TDP-43 mutation disrupting F in LARKS affects RNP transport. (A) WT TDP-43 or TDP-43 LCD F mutant kymographs from 3 independent experiments are analyzed to determine the motility of different RNP granules. Fraction of motile, oscillatory and stationary RNP granules are plotted. (B) The fraction of motile RNP granules for WT TDP-43 and each of the TDP-43 LCD F mutant (shown as black bars in Figure 8A), are further categorized as granules travelling in retrograde or anterograde direction and the resulting fraction is plotted. (C) The anterograde net velocity (μm/s) for each of the motile WT TDP-43 or TDP-43 LCD F mutant RNP granule was determined using custom semi-automated analysis in MATLAB and the average net velocity is plotted (N = 3, WT n = 104, F276L n = 105, F276Y n = 98, F283L n = 88, F283Y n = 49, F289L n = 72, F289Y n = 71, F313L n = 85, F313Y n = 101, F313-6L n = 43, F313-6Y n = 124, F367L n = 86, F367Y n = 95, F397L n = 75, F397Y n = 84, F401L n = 71, F401Y n = 91, from 9 to 15 neurons per condition). (D) The retrograde net velocity (μm/s) for each of the motile WT TDP-43 or TDP-43 LCD F mutant RNP granule was determined using custom semi-automated analysis in MATLAB and the average net velocity is plotted (N = 3, WT n = 128, F276L n = 109, F276Y n = 125, F283L n = 95, F283Y n = 75, F289L n = 79, F289Y n = 70, F313L n = 82, F313Y n = 100, F313-6L n = 59, F313-6Y n = 124, F367L n = 92, F367Y n = 90, F397L n = 73, F397Y n = 100, F401L n = 88, F401Y n = 99).

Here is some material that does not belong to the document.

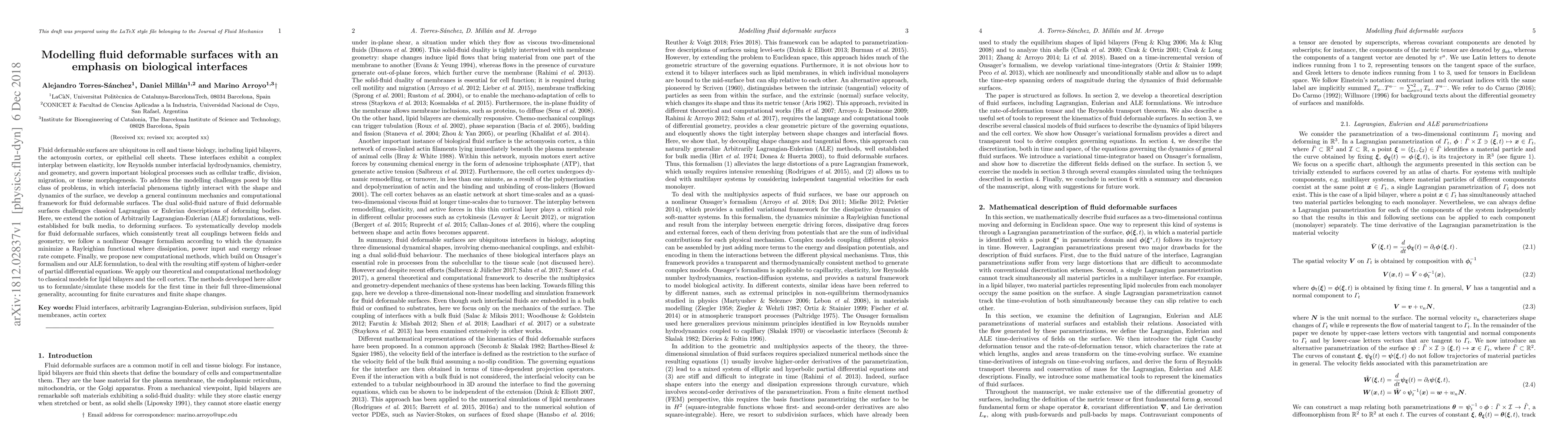 This paper develops a continuum mechanics framework and computational methods for modelling fluid deformable surfaces, focusing on biological interfaces like lipid bilayers and the actomysin cortex. It extends the Arbitrarily Lagrangian-Eulerian (ALE) formulation to deforming surfaces and uses a nonlinear Onsager formalism to treat couplings between geometry and dynamics, enabling the simulation of these interfaces in three dimensions.

Error bars represent standard error mean. (E) Anterograde or (F) retrograde net distance cumulative frequency distribution for TDP-43 WT or LCD F mutant RNP granules, from 3 independent experiments. One way ANOVA (Kruskal–Wallis test with Dunn’s correction for multiple comparisons) was used to determine statistically significant difference among different samples. *p < 0.05, **p < 0.01.